A gift to God can not be offered cleanly if there are negative feelings between your brother and you.
Yet, Jesus carries this even further. In Matthew 7:3-5, he declares that you cannot handle a speck of issue in someone else’s eye, unless first you examine the logjam that exists in your own eye! Handle yourself first before you confront your brother!
Wouldn’t Friendship be better if first we took care of ourselves before we try to “correct” someone else?
I believe True Friendship approaches another level with even a stronger thought.
It’s generally all about disadvantage. Friendship is not always convenient. It is found at some of the roughest times of life. Barriers must be removed. Sacrifices must be made. This is what True Friendship seems to be all about.
And he said to them, “Which of you who has a friend will go to him at midnight and say to him, ‘Friend, lend me three loaves, for a friend of mine has arrived on a journey, and I have nothing to set before him’; and he will answer from within, ‘Do not bother me; the door is now shut, and my children are with me in bed. I cannot get up and give you anything’? I tell you, though he will not get up and give him anything because he is his friend, yet because of his impudence he will rise and give him whatever he needs. And I tell you, ask, and it will be given to you; seek, and you will find; knock, and it will be opened to you. For everyone who asks receives, and the one who seeks finds, and to the one who knocks it will be opened. What father among you, if his son asks for a fish, will instead of a fish give him a serpent; or if he asks for an egg, will give him a scorpion? If you then, who are evil, know how to give good gifts to your children, how much more will the heavenly Father give the Holy Spirit to those who ask him!” (Luke 11:5-13 ESV)

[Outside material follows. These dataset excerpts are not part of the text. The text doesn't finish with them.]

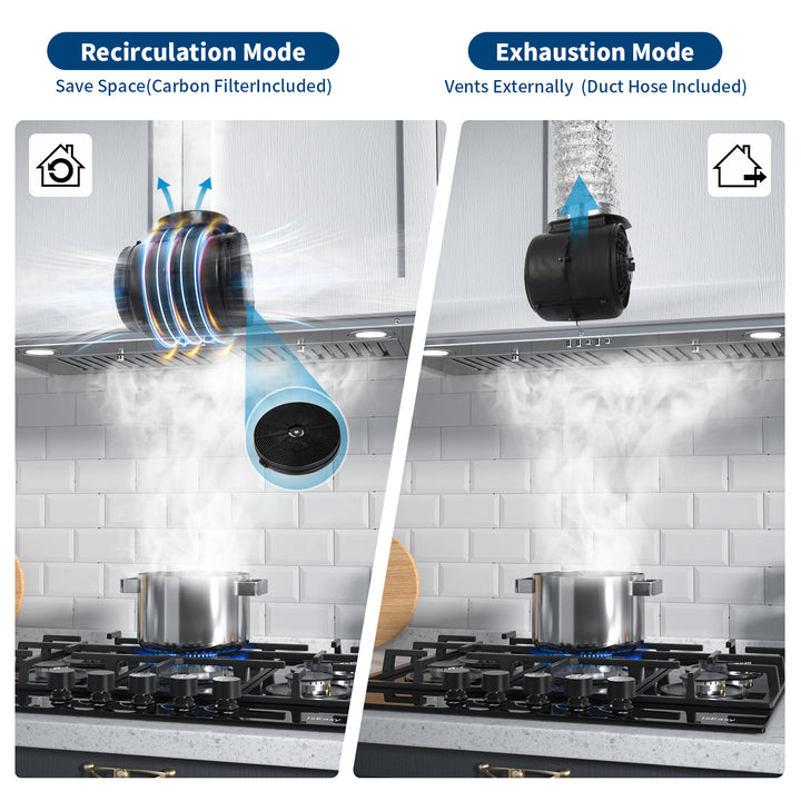 600 CFM Airflow: 30-inch range hood with 3-speed fan, 65dB max noise, and ducted/ductless options. Includes charcoal filter and vent hose.
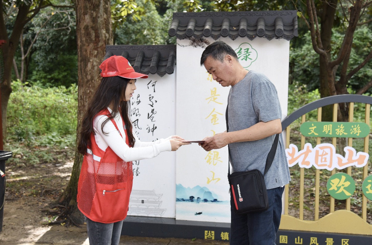 文明的力量润物无声。志愿者们用微笑与行动,为“双节”假期增添了一抹温暖底色,让节日里的镇江山水更显诗意与温情。
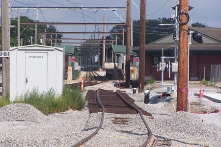 Looking east down the new track 1 where it was being connected to the track at the station. (October 2024)
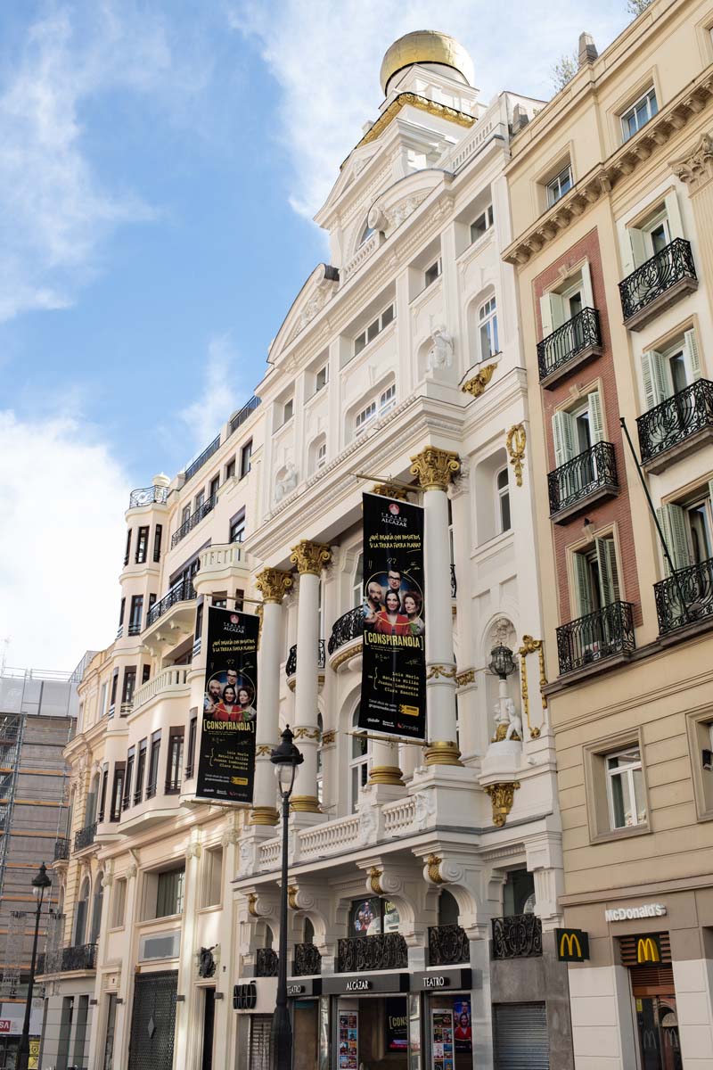 Ubicado en la céntrica calle de Alcalá, el Teatro Alcázar es uno de los espacios escénicos con más historia de Madrid. Inaugurado en 1925 sobre el solar del antiguo Trianón Palace, su elegante edificio de estilo clásico fue obra de los arquitectos Eduardo Sánchez Eznarriaga y Eduardo Lozano Lardet. A lo largo de casi un siglo, ha acogido revistas, comedias, musicales y espectáculos de gran éxito, consolidándose como un referente del teatro madrileño. Tras varias rehabilitaciones que han preservado su encanto original, el Alcázar continúa ofreciendo una variada programación contemporánea en pleno corazón de la capital.
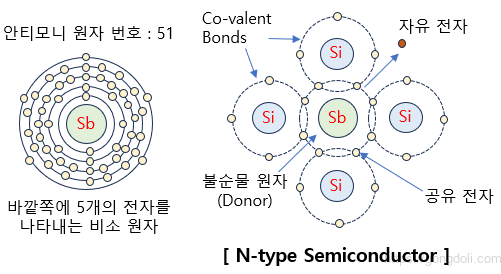 안티몬(Sb)와 인(P)은 실리콘 반도체에 자주 첨가되는 다섯 개의 원자입니다.
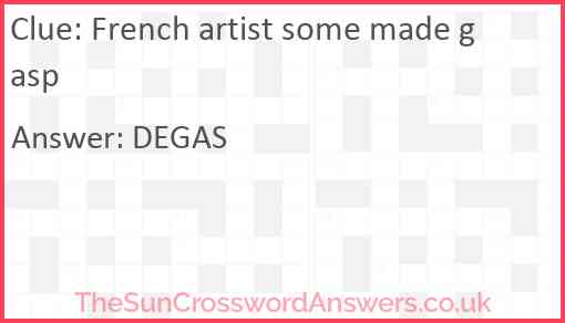 French artist some made gasp is a crossword clue for which we have 1 possible answer and we have spotted 1 times in our database. This crossword clue was last seen on 16 June 2020 in The Sun Cryptic Crossword puzzle!
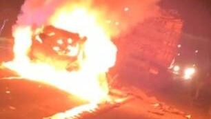 Un enorme camión que transportaba leña y un auto fueron los protagonistas del percance. Al chocar contra el camión, el auto ardió en llamas, mientras que el chofer del camión salió ileso, el conductor del auto, un hombre de 56 años falleció en el lugar.
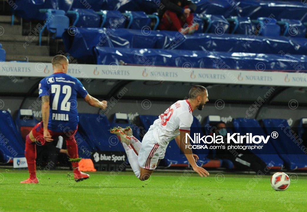 В 34-та минута спестен жълт картон за Падула за фаул срещу Йомов.
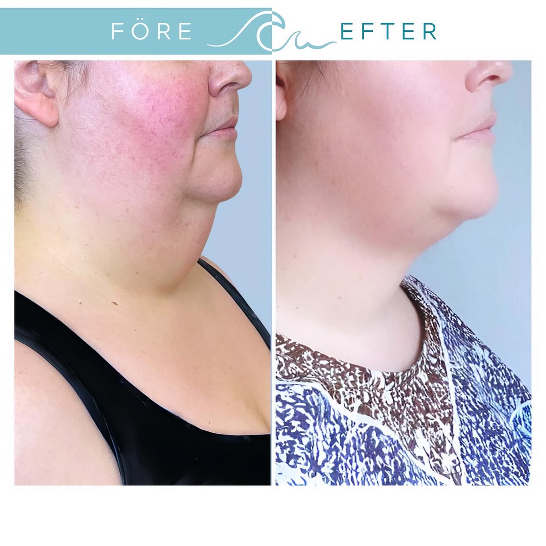 Behandlingen utförs under lokalbedövning och tar cirka två timmar. Själva ingreppet är smidigt och effektivt: Lokalbedövning placeras för att minimera obehag. Små snitt görs för att avlägsna fettceller med hjälp av en fettsugningskanyl. Ett trådlyft används för att strama åt huden och förstärka käklinjen. Resultatet är omedelbart synligt, och de borttagna fettcellerna återbildas inte, vilket gör resultatet permanent.
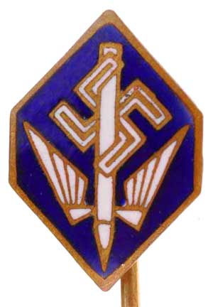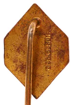 NSDAP Stenographer Membership Tie Pin: Enameled tombac, 11 x 16 mm, marked "Ges. Gesch.," 50 mm knurled pin, not many members, scarce, light to moderate wear.
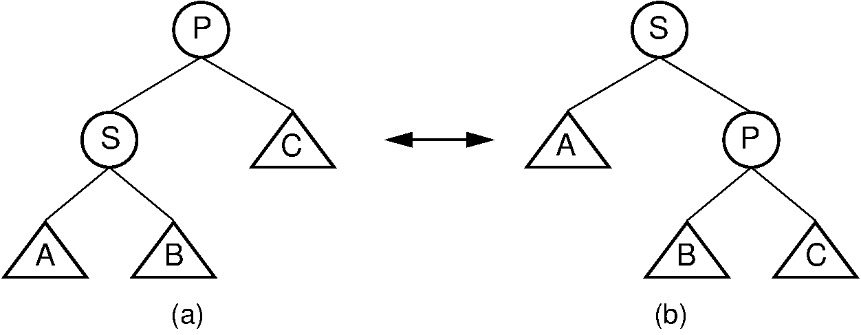Figure 7.3.1: Splay tree single rotation. This rotation takes place only when the node being splayed is a child of the root. Here, node \(S\) is promoted to the root, rotating with node \(P\). Because the value of \(S\) is less than the value of \(P\), \(P\) must become \(S\) ‘s right child. The positions of subtrees \(A\), \(B\), and ;math:C are altered as appropriate to maintain the BST property, but the contents of these subtrees remains unchanged. (a) The original tree with \(P\) as the parent. (b) The tree after a rotation takes place. Performing a single rotation a second time will return the tree to its original shape. Equivalently, if (b) is the initial configuration of the tree (i.e., \(S\) is at the root and \(P\) is its right child), then (a) shows the result of a single rotation to splay \(P\) to the root.
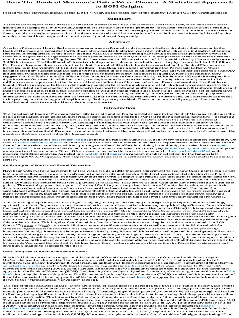 How The Book of Mormon's Dates Were Chosen: A Statistical Approach To BOM Origins
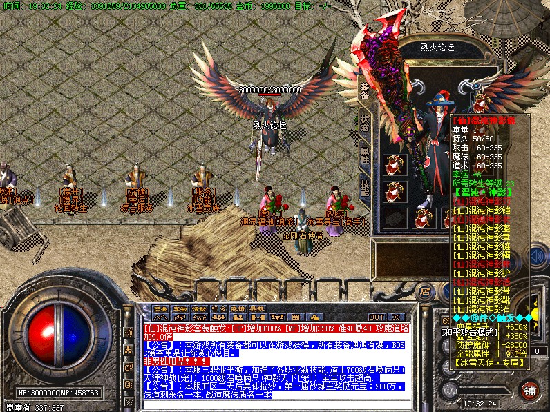 【公告】:本服等级好升,玩家上线进入安全闭关,一小时就能挂到300级,方便玩家快速上手.免费泡点可以泡点1000级.本服终极套激发人物300WHP。
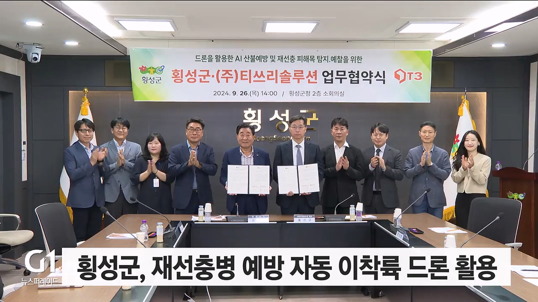 횡성군은 오늘(26일) 주식회사 티쓰리솔루션과 업무협약을 맺고 소나무 재선충병 초분광 카메라 촬영 공간과 인프라 제공, 자동 이착륙 가능한 드론 활용 등에 협력하기로 했습니다.
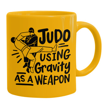 Judo using gravity as a weapon, Ceramic coffee mug yellow, 330ml

True Friendship does not mean you change who you are just to please a friend. Rather, you are who you are to your friends as much as you want them to be to you.
Let me share one more scripture and take it out of context for your consideration:
“This is my commandment, that you love one another as I have loved you. Greater love has no one than this, that someone lay down his life for his friends. You are my friends if you do what I command you. (John 15:12-14 ESV)
Jesus is talking about himself laying down his life for his friends, and you are his friend if you follow his commandments.
Still, the concept is true in other viewpoints. There is nothing I would not do for my brothers when they truly need me. The same is true for my friends. I have gone out of my way in time and money to help others. Others have done it for me. There is not cost accounting measure to try and make the books right between us.
You just don’t try to make the effort repay itself.
You just do what’s needed.
Because that’s what friends do.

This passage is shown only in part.